The difference in expansion characteristics between rubber and braided stainless steel brake lines is a result of differences in hose construction. Where rubber hoses typically consist of a rubber inner hose wrapped in a textile reinforcement braid then covered in an additional rubber outer sheath, braided stainless steel hoses typically consist of a Teflon or generic PTFE (polytetrafluoroethylene) inner hose wrapped in a braid consisting of stainless steel wire. The stainless wire braid more effectively resists expansion due to pressure inside the hose core. This improves brake system effectiveness by more directly transferring operator input (hydraulic pressure) to brake friction surfaces. While available without a coating, the stainless braid is typically coated or covered with a clear or colored material such as PVC (polyvinyl chloride) to protect the wire and inner hose from the elements and chemicals, to protect the vehicle or machine from abrasion, and for an improved appearance. Coated braided stainless steel hoses have the same essential construction as rubber hoses in terms of an inner hose wrapped in a braid followed by an outer layer, but the different materials in the braided stainless steel hoses offer substantially different and arguably better characteristics. To more thoroughly explain why, it is helpful to understand the basics of a hydraulic brake system.

Technical Rationale
The typical operation of a hydraulic brake system uses the premise of fluid displacement to convert operator input into friction. This fluid transfer is accomplished by a connecting tube and/or hose from one hydraulic cylinder (often called the master cylinder) to another (located at the brakes of each wheel). In practice, an operator control such as a brake pedal or lever attached to a hydraulic cylinder is connected in turn, via a tube/hose, to another hydraulic cylinder responsible for applying friction to a moving surface. This network of operator control(s), tube/hose, and cylinder(s) is filled with hydraulic fluid such that input from the operator displaces fluid at the control location, resulting in movement at the opposite end of the system. The ideal hydraulic brake system would use only hard tubing such as galvanized or stainless steel pipe, as this would prevent any expansion along the hydraulic fluid path, providing the most direct transfer of operator input force to the friction surfaces, and in fact most of the length of a brake line is made of stainless steel.

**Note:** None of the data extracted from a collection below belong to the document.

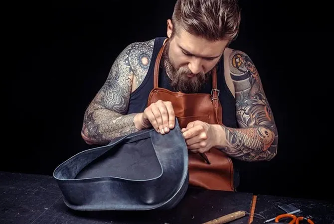 In order to process the leather, the leather must be tanned first. Leather tanning is a phenomenon that has been done for ages. You can relate to tanning in a lot of ways. In order for the hide to go under a tanning procedure, it first gets cleaned off all the dirt, blood, and hair from the beam house. After that, the processing takes place, which must be done before it can be used for leather product manufacturing. We use the best tanning machinery, which changes the chemistry inside the fibers that not only prevents the bacteria and fungi from getting through but also makes it impossible for them. The leather material then gets graded to different types of tanning such as vegetable-tanning, chrome-tanning, sheepskin leather, premium leather, PU leather, and Faux/Synthetic leather. All these materials are then used by our craftsmen to make our product according to the customer’s request.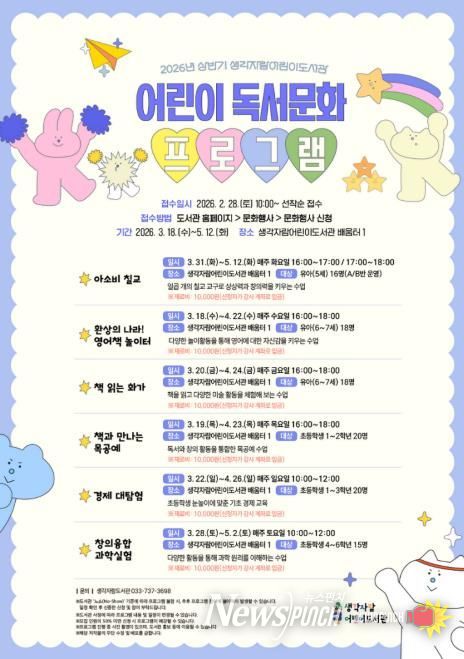 뉴스펀치 조평훈 기자 | 원주시 생각자람어린이도서관은 유아와 초등학생을 대상으로 ‘2026년 상반기 어린이 독서문화 프로그램’을 운영한다.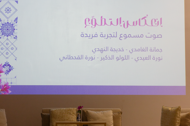 ابتدأ اللقاء بفقرة: لماذا أولًا، قدمتها أ. منـال البلوشي حول أهمّ الدوافع التي ينبغي لكلِّ مقبل على التطوع أن يستحضرها دائمًا، تلاها فقرة أ. دعاء القحطاني والتي شاركت رحلتها في التطوع بدءًا من أيامها في المرحلة الثانوية وصولًا إلى تخرجها من الجامعة.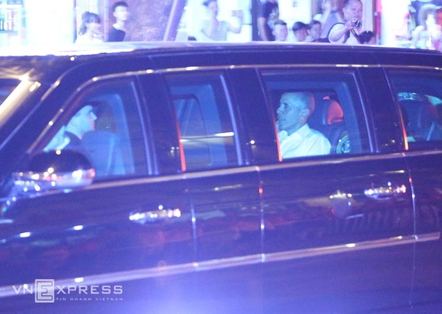 Hơn 20h ngày 23/5, Tổng thống Mỹ Obama xuất hiện tại phố Lê Văn Hưu (Hai Bà Trưng) để thưởng thức món bún chả Hà Nội. Trước đó nhiều giờ, quán ăn trên phố này có nhiều nhân viên an ninh nước ngoài lẫn Việt Nam kiểm tra nghiêm ngặt. Khách bước vào quán phải qua vài vòng an ninh. Khác với vẻ ngoài trang trọng khi tham dự các hoạt động chính thức, Tổng thống Mỹ mặc sơ mi trắng, tươi cười với người dân khi bước vào quán. Ảnh: Giang Huy.

However, hard tubing will not endure the motions caused by articulation of suspension components. For example, an automobile wheel is not hard-mounted to the automobile's frame or unibody chassis. It is instead mounted to a suspension component which allows that wheel to move in response to road irregularities and steering inputs. Because the wheel must be able to move, a length of flexible hose must be used between the end of the run of metal brake line tubing, and the brake at each wheel. Since the ideal brake system would use only hard tubing for its lack of expansion, but some use of flexible hose is required, the ideal compromise is to use a hose type that allows a minimal rate of expansion. Thus the assertion that braided stainless steel hose is superior as compared to a typical rubber hose when used in a hydraulic brake system.

In light of the above, it is reasonable to ask why rubber brake hose is used at all, instead of always using braided stainless steel hose. The most typical reason is cost, but also use case. Braided stainless steel hose is typically more expensive than rubber. When the cost difference is extrapolated across hundreds or thousands of units, it is quite compelling to opt for the rubber option, especially when the use case exhibits that the operator will not need or want the additional capabilities offered by a brake system equipped with braided stainless steel brake lines. It thus stands to reason that braided stainless steel brake lines are typically only seen on upmarket motor vehicles such as hot-rods and supercars, or on race-prepped vehicles such as those used in Formula One and touring car series. Braided stainless steel brake lines are a common aftermarket upgrade, purchased and installed after a vehicle is initially purchased.